La verticalité du système judiciaire favorise une inféodation directe au pouvoir, tous les hauts magistrats étant nommés par décret présidentiel. «Même debout, dignes, plutôt animés d’une foi ardente en la justice et d’une volonté farouche de bien faire leur travail de juge, face à une telle situation, bon nombre de bons et loyaux magistrats finissent par courber l’échine et rendre des “services” indus aux gouvernants.»
Ces «services» peuvent consister à fermer les yeux sur les détournements colossaux repérés chaque année par l’institution du vérificateur général (qui n’en repère qu’une petite partie) et transmis à la justice. Un procureur peut ainsi «classer sans suite, tout seul, un dossier initié par le bureau du vérificateur général, d’un montant de trois milliards et demi de francs CFA [plus de 5 millions d’euros –ndlr]», destinés à la construction d’un centre hospitalier universitaire régional. Pourtant l’argent a disparu, le centre n’est jamais sorti de terre et les personnes arrêtées ont toutes été relâchées.
Dans les bureaux des procureurs, «on ne peut plus compter le nombre de dossiers dont les pièces auront disparu». «Nombreux et très nombreux, tous ces dossiers classés sans suites par un parquet et un seul, le principal, qui intervient en matière de lutte contre la corruption en République du Mali.» Des détournements également favorisés par l’opacité des transactions bancaires et la complicité de certains de leurs employés. Cette situation permet par exemple à «un seul compte bancaire, dans une région du nord, [de recevoir] tous les matins près de 75 millions [plus de 100 000 euros – ndlr] en liquide venus d’on ne sait où». Les tentatives de lutte contre la corruption sont menées en vain, sans insistance.
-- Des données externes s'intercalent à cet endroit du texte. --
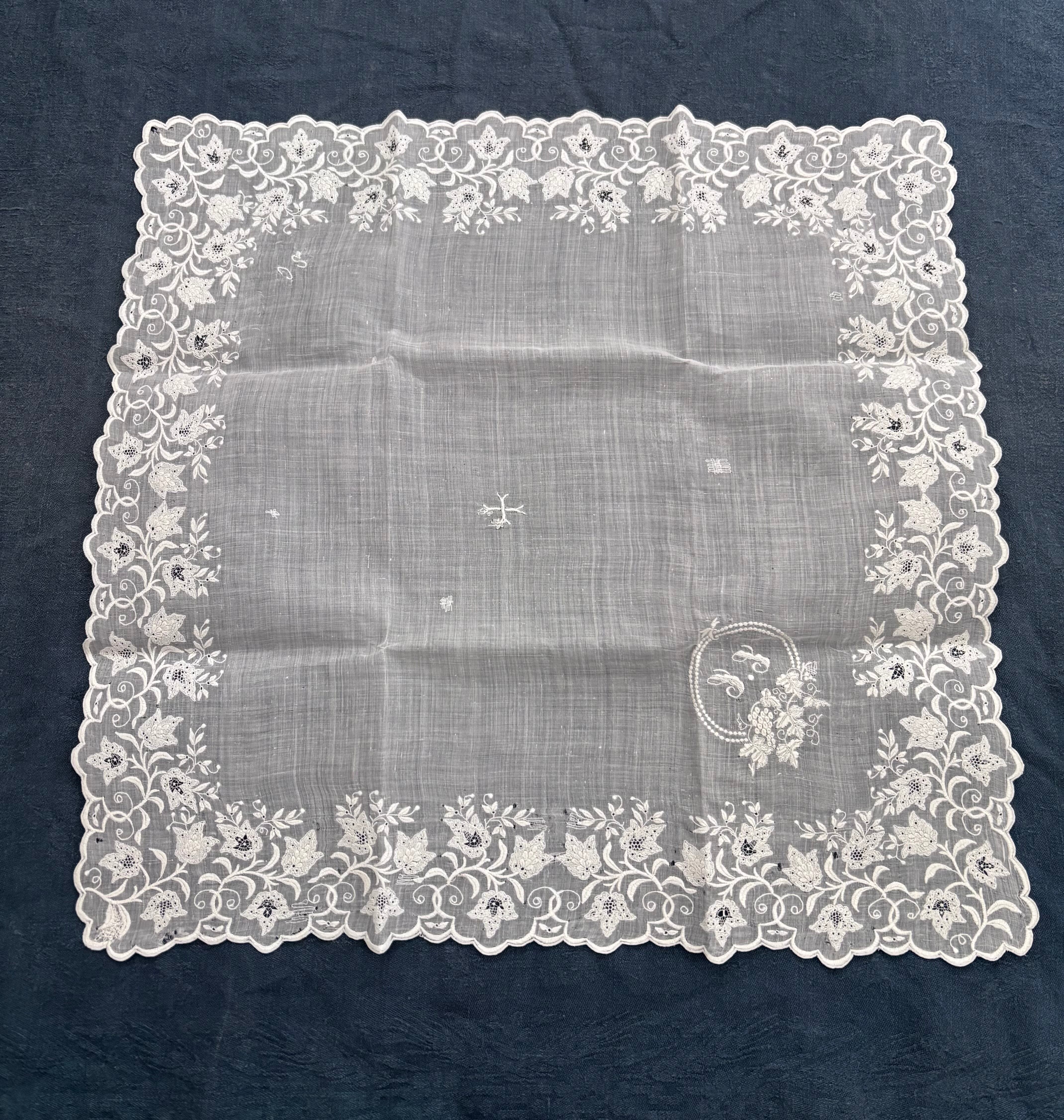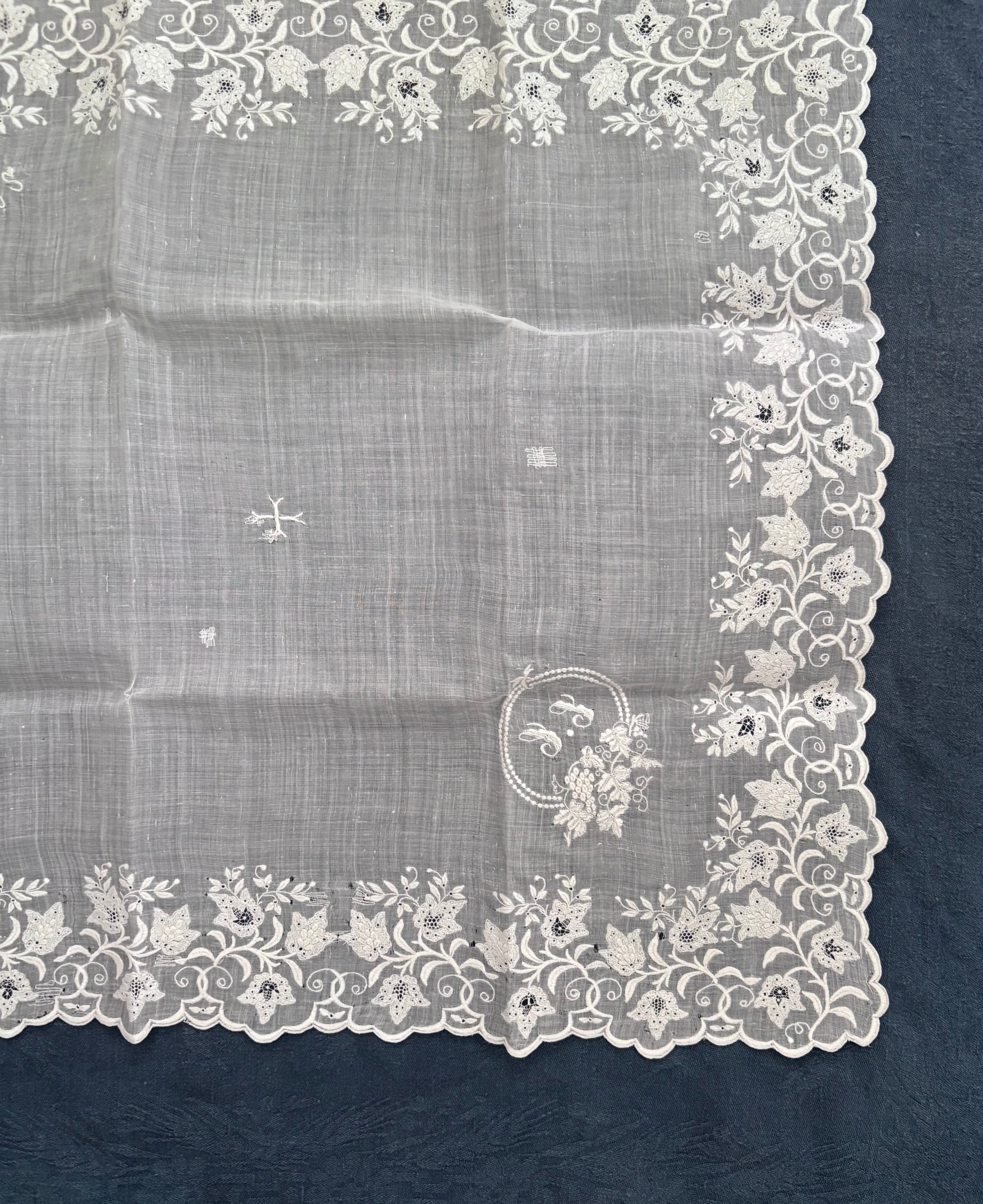 中央には小さなクロスとモノグラムCCの刺繍が入った、当時の特別な一枚を思わせる佇まい。

À peine mis en place en mars 2017, l’Office central de lutte contre l’enrichissement illicite (Oclei) est dénoncé par le Syndicat national des travailleurs des administrateurs d’État (Syntade), hostile à l’obligation de déclaration de revenus. «Dès le départ l’Oclei a vu s’aiguiser contre lui les lames de ceux qui voulaient continuer leur petite cuisine dans leur coin», dénonce-t-il. Huit mois plus tard, sous la pression des frondeurs et «sur instruction du président de la République », l’Oclei est mis en sommeil. «Traduction : face à la menace, le gouvernement dont je faisais partie a ployé et plié.»
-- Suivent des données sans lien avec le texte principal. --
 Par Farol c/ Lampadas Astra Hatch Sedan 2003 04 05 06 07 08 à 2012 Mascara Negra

Pour le ministre, «le vase était alors plus que plein, il débordait». Sans compter «des gens en mission de sabotage» au sein du ministère. L’ouverture du procès du putschiste Amadou Sanogo – qu’«on ne voulait pas juger parce que l’on craignait peut-être des révélations çà et là ou parce que l’on jugeait cela accessoire au vu du contexte» – puis la relaxe de l’activiste Ras Bath, finissent de convaincre l’avocat de mettre fin à son expérience de ministre. «Fatigué de prêcher dans le désert et de parler à des murs», il rend sa démission le 26 novembre 2017.